Last year 35.5 million people (equivalent to over half the population of the UK) were forced to flee their homes and find refuge elsewhere. For World Refugee Day Al Jazeera took a closer look at where refugees come from and where they go.
Visualizing the Global Flow of 35 Million Refugees is illustrated with two interactive maps: one showing the countries where refugees originated from last year, and the other showing the countries where refugees settled. Both maps are simple and effective, using proportional circles to show the number of refugees fleeing or entering each country and linear annotations to highlight the six countries most affected.
According to the UN data used for Al Jazeera's 'Where do refugees come from?' map Syria, Palestine, Ukraine, Afghanistan, Venezuela and South Sudan were the six countries where the most people were forced to leave their homes in 2022.

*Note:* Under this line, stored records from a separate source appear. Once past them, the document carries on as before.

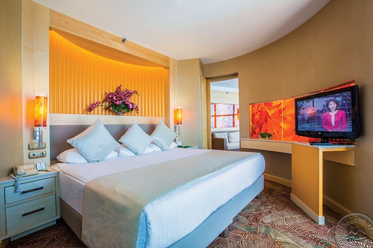 - макс. 4+1 чел., 55 м2); 8 Deluxe Suites sea view (вид на море, гостиная, спальня с раздвижной дверью, ванная комната с ванной и душем, джакузи на террасе, 2 ТВ, полный мини-бар, включая местные и импортные напитки, макс. 2+2 чел., 100 м2); 80 Junior suite lake side-Anneх Building (с видом на сад бассейн, расположены в отдельной зоне, макс. 2+1 чел., 35–40 м2);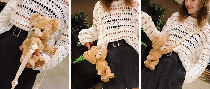 Сумка-мессенджер женская, с плюшевым медведем, размер S, L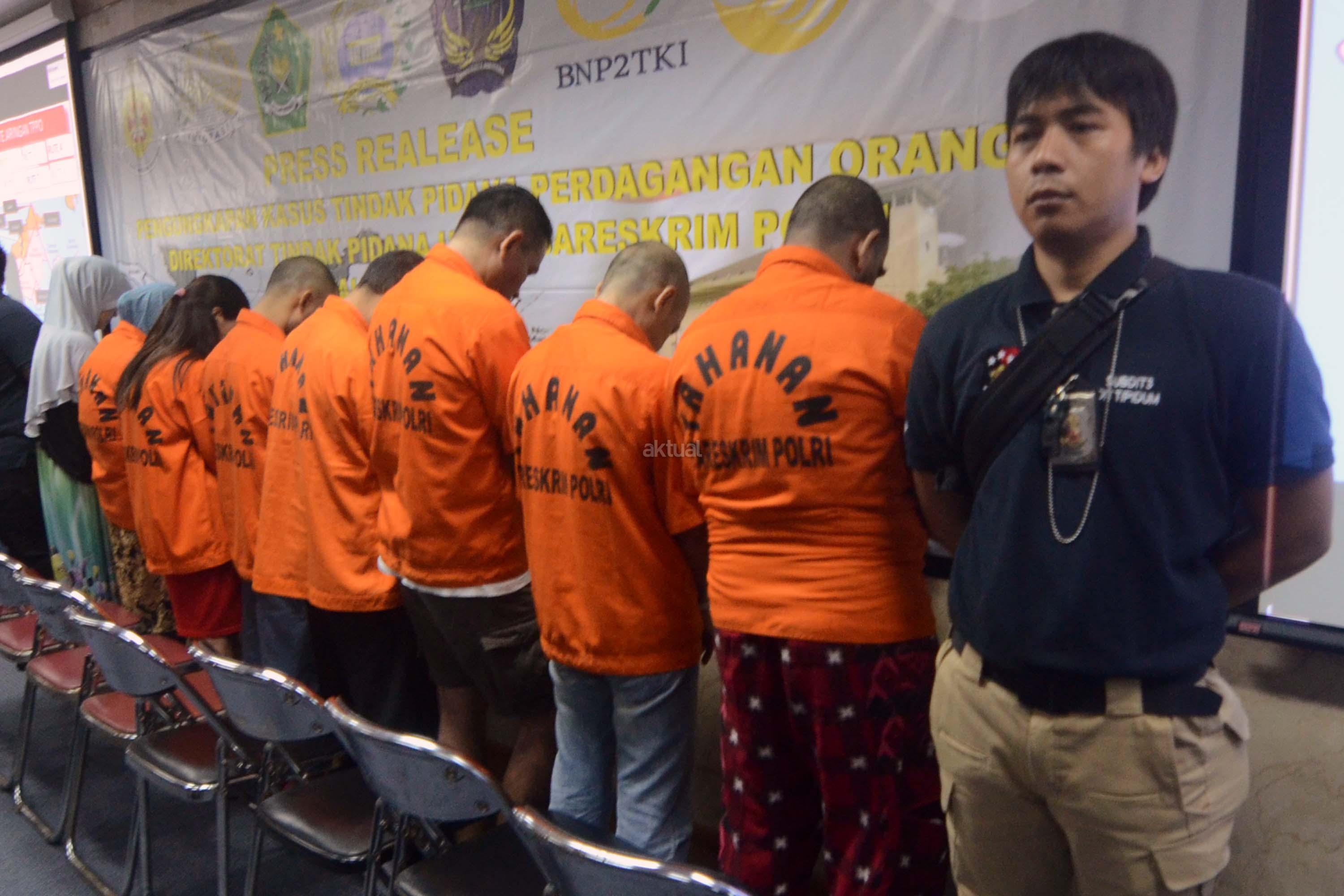 Kepolisian menangkap 10 tersangka kasus tindak pidana perdagangan orang dengan jumlah korban yang berhasil diselamatkan sebanyak 80 orang, serta barang bukti yang berhasil diamankan terdiri dari 11 unit hp, 17 paspor, lima buku rekening berikut ATM, dan tiket pesawat. AKTUAL/Munzir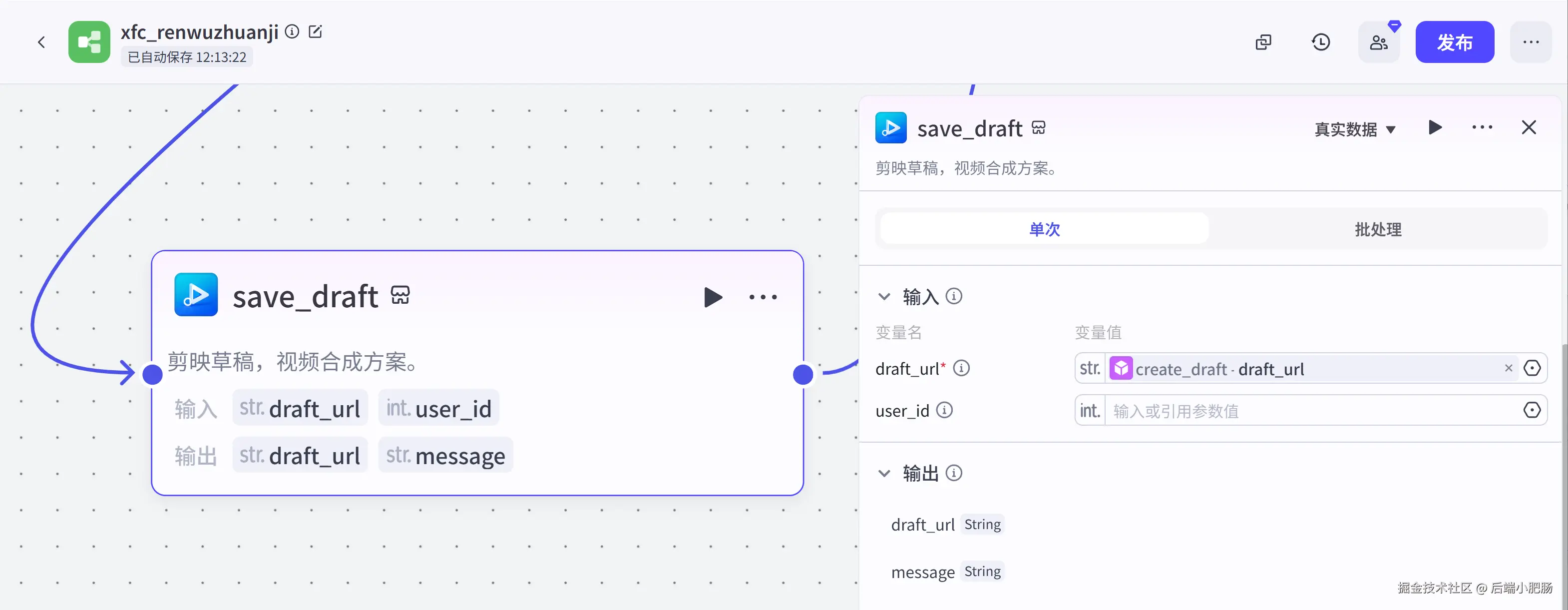 工作流的使用方法很简单,只需要在开始节点输入人名,自定义文案(非必填),背景音乐,等待几分钟即可获得剪映草稿: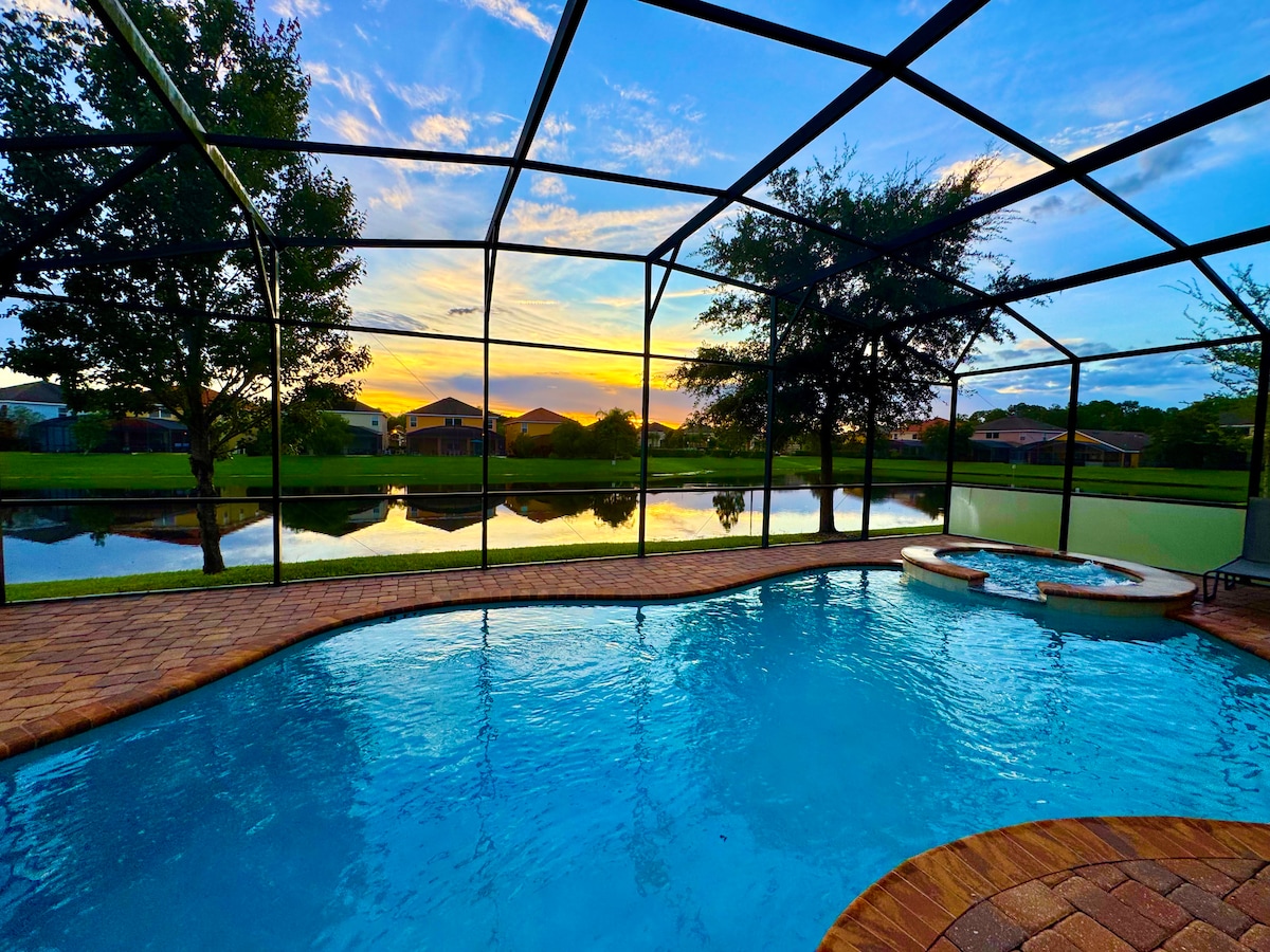 Waterfront LUX Disney Villa Sleeps24•Pool•Spa•GmRm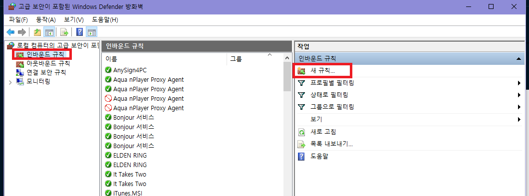 windows Defender 방화벽에서 인바운드 규칙 클릭 -> 새 규칙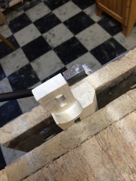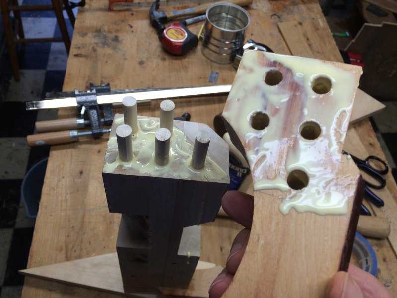 I turn my attention back to the table support stuff. I need to glue the trunnion supports to the end of the long block. They will be held in place with these dowels and glue.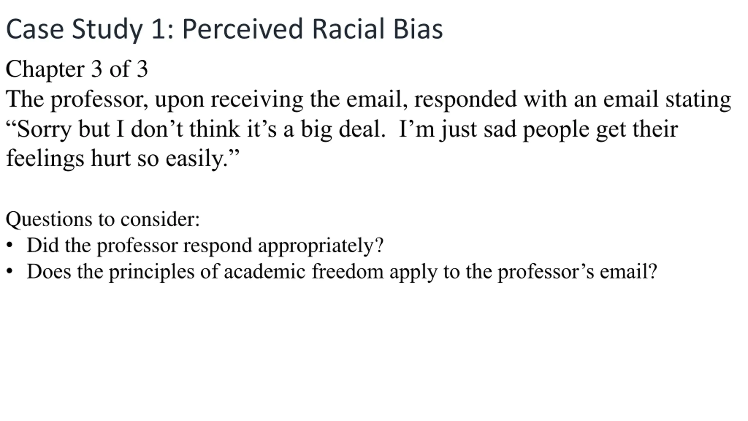 Case Study 1: Perceived Racial Bias Chapter 3 of 3 The professor, upon receiving the email, responded with an email stating Sorry but I don t think it s a big deal. I m just sad people get their feelings hurt so easily. Questions to consider: Did the professor respond appropriately? Does the principles of academic freedom apply to the professor s email?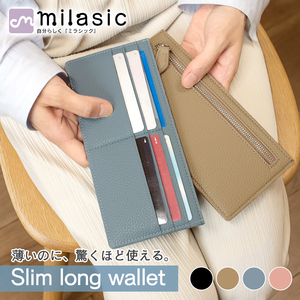 ・驚くほどスリムなのに、抜群の収納力を誇る長財布薄型財布をお探しの方にぴったりの、厚さ約0.5cmの極薄ロングウォレット。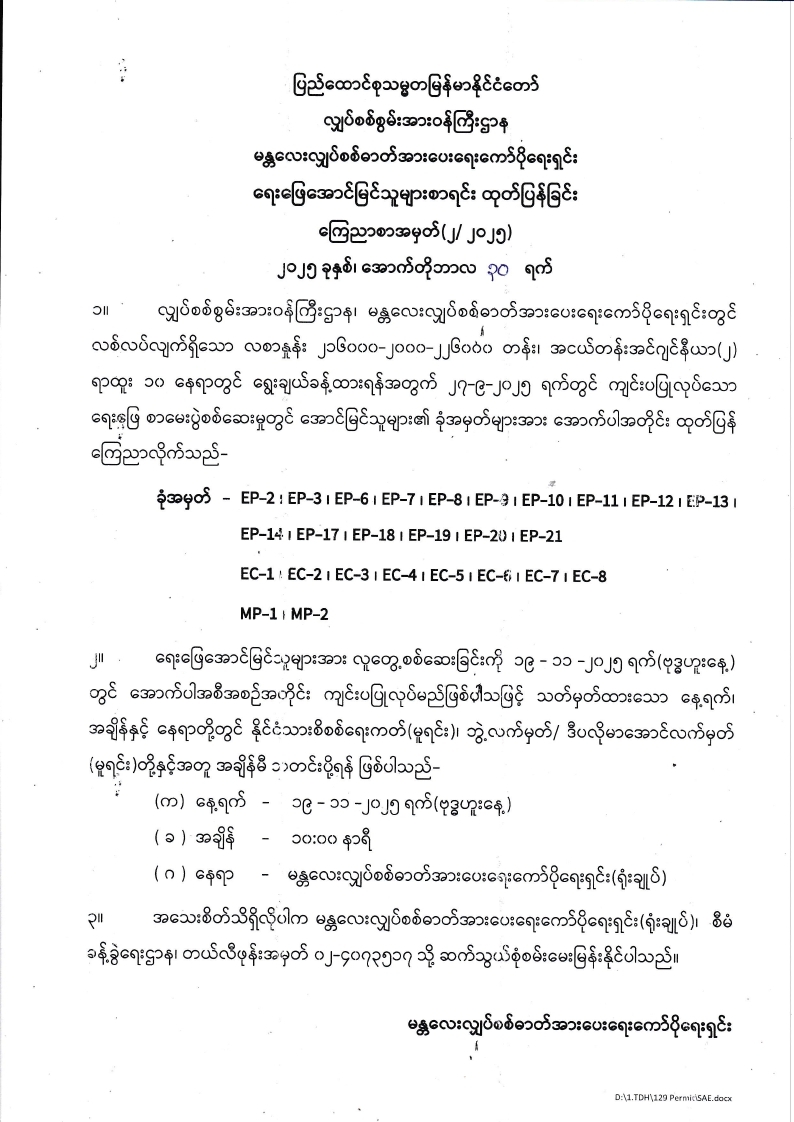မန္တလေးလျှပ်စစ်ဓာတ်အားပေးရေးကော်ပိုရေးရှင်းတွင် လစ်လပ်လျက်ရှိသော လစာနှုန်း ၂၁၆၀၀၀-၂၀၀၀-၂၂၆၀၀၀ တန်း၊ အငယ်တန်းအင်ဂျင်နီယာ(၂) ရာထူး ရေးဖြေအောင်မြင်သူများစာရင်း ထုတ်ပြန်ခြင်း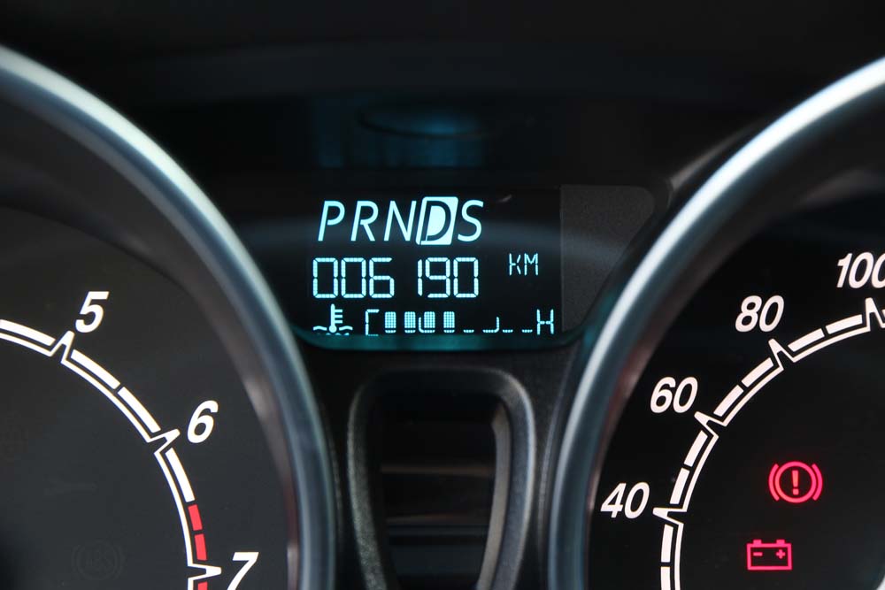Maşina noastră era echipată cu anvelope cu talon mic, ceea ce a dus şi mai mult la amplificarea acestor caracteristici, dar pe care nu le-aş putea recomanda cu căldură având în vedere grija cu care vor trebui abordate sau evitate denivelările şi gropile. Pentru a creşte şi mai mult aptitudinile sportive de care se bucură Fiesta, cutia Powershift oferă şi posibilitatea schimbării manuale a celor şase trepte, lucru care se poate face atât în modul Drive, cât şi în cel Sport. Faptul că acest lucru se face prin intermediul unor butoane plasate mai puţin inspirat, mai precis pe o laterală a schimbătorului de viteze, dar şi setarea foarte bună de care dispune modul Sport, fac inutilă folosirea modului secvenţial. Consumul în mediul urban este strâns legat de faptul că Fiesta te trage la viteză şi la un condus cu iz sportiv, ceea ce aduce o îndepărtare frecventă de cei 6,6 litri pe care cartea tehnică îi promite în mediul urban.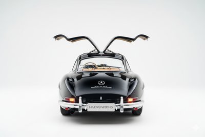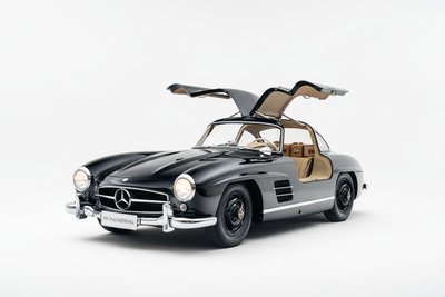 NOW AVAILABLE Highlights: • 1956 Mercedes-Benz 300 SL Coupé in delivery color black, combined with cream leather interior and rare Rudge center-lock rims • first delivered on July 3, 1956 via Mercedes-Benz Distribution New York, USA • special equipment ex works: a windshield washer system, special upholstery, instruments with English lettering, sealed-beam headlights with separate parking lights, bumper horns, windshield wheels with chrome-plated dish and highly polished rims as well as protractor & balancing weights supplied loose - all packed in a lightweight seaworthy box • from the former previous ownership of coupé Group member Marty Wiener, USA and the well-known Rosso Bianco Museum, Aschaffenburg, Germany • documented engine overhaul in 2007 and only 6,000 miles ago • including matching two-piece luggage set and comprehensive HK-ENGINEERING delivery service before handover • matching numbers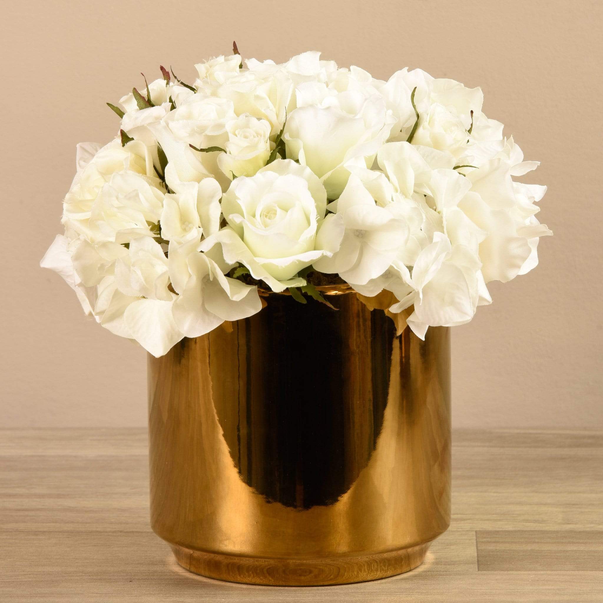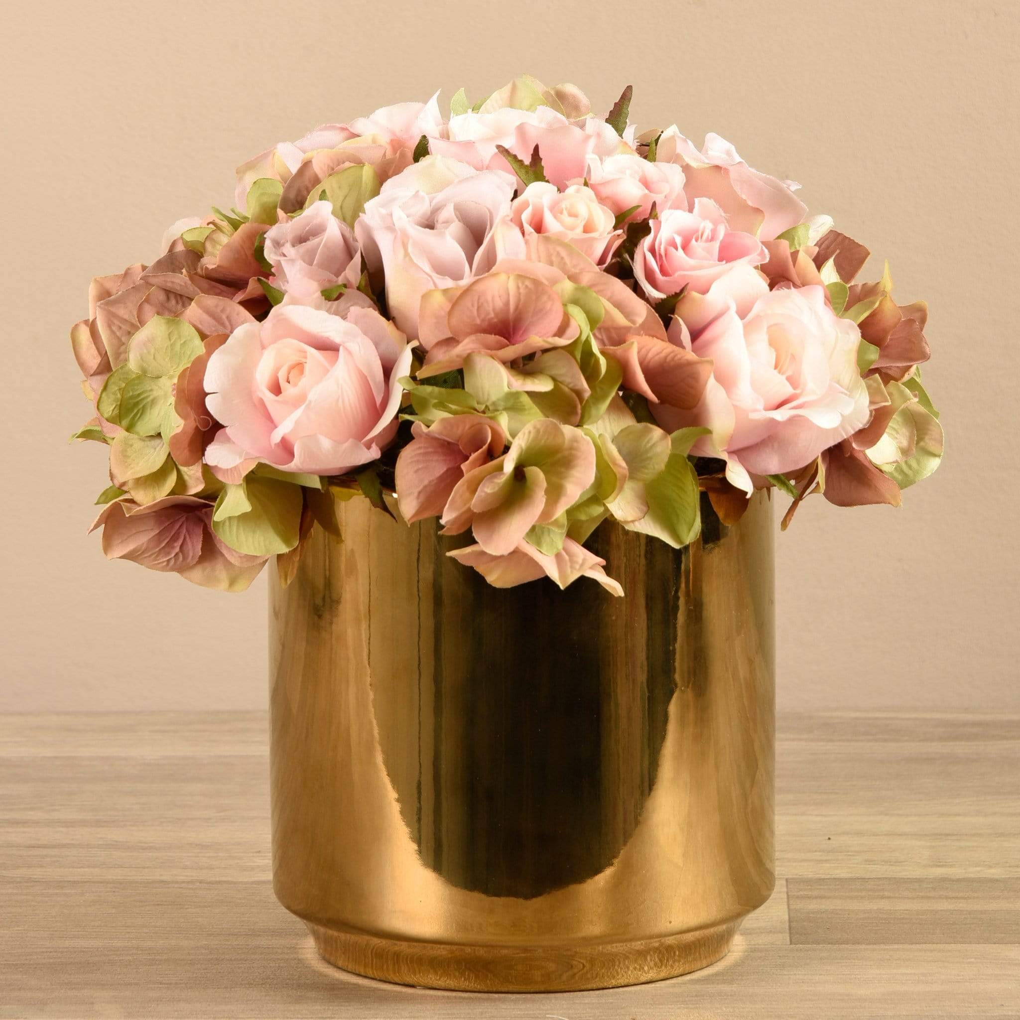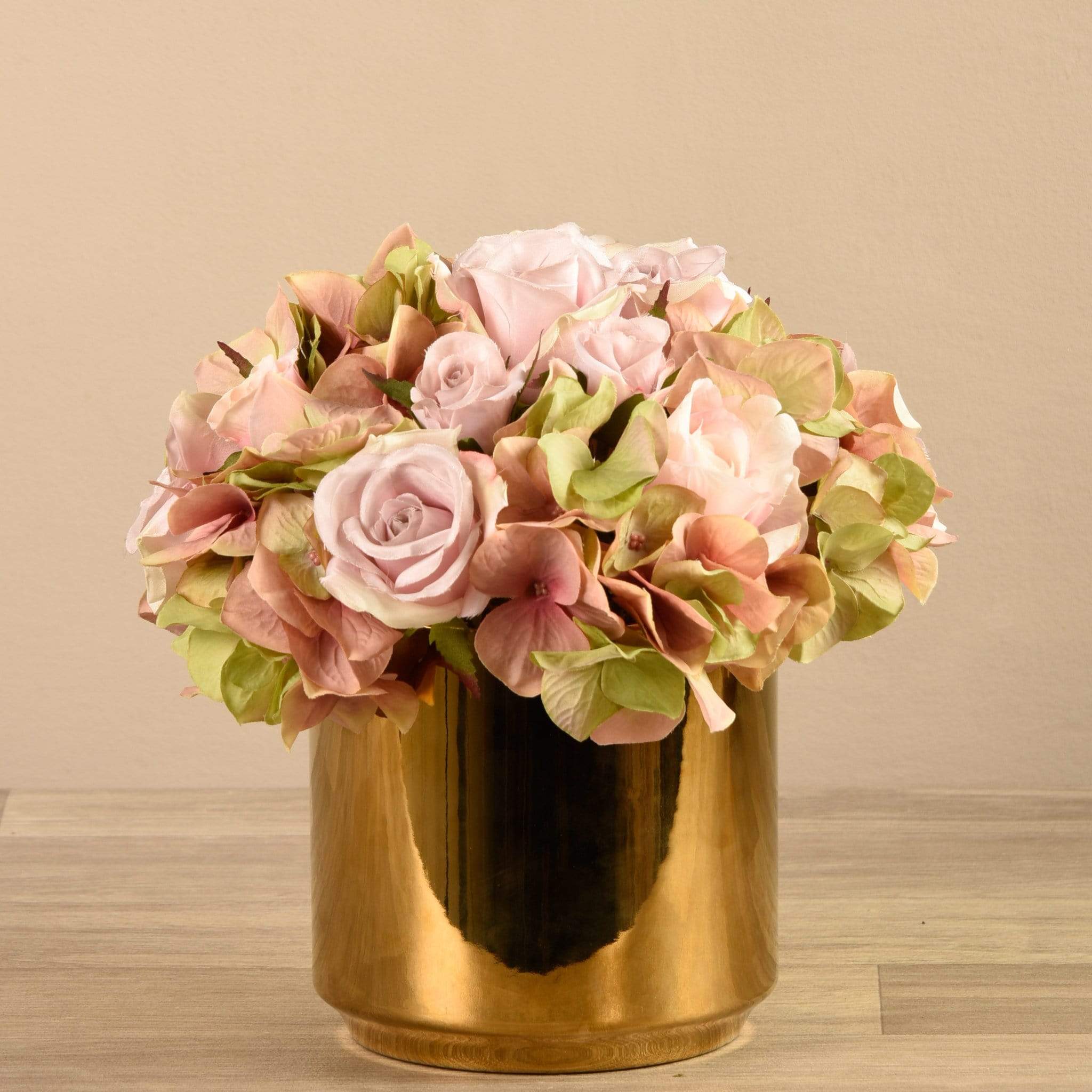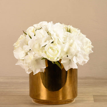 Nothing's more timeless and elegant than soft florals. Hand-arranged by expert florists, these pretty mixed florals feature delicate artificial roses and sweet peas. Their metallic gold pot complements them beautifully.

In recent years in many so called 'first world' countries immigration has become a key issue, with right-wing 'populist' politicians attempting to use immigration as a handy scapegoat for falling living standards. Al Jazeera's map showing where refugees settle clearly shows that 'first world' countries, far from being swamped by refugees, are in fact mostly shirking any responsibility for housing the world's displaced and dispossessed.
Al Jazeera's map shows that America took in about 1/7th on the number of refugees housed by Colombia last year. In fact in 2022 the USA accepted less refugees than Colombia, Peru, Chile and Ecuador. Globally Turkey, Jordan and Iran were the three countries who took in the most refugees in 2022.
Some in the West might argue that it is not their responsibility to shelter the world's huddled masses. In fact you don't have to be much of a political historian to realize that from Palestine to Syria the geopolitical activities of 'first world' countries have played significant contributions to the displacement of innocent people from their homes, forcing them to become refugees.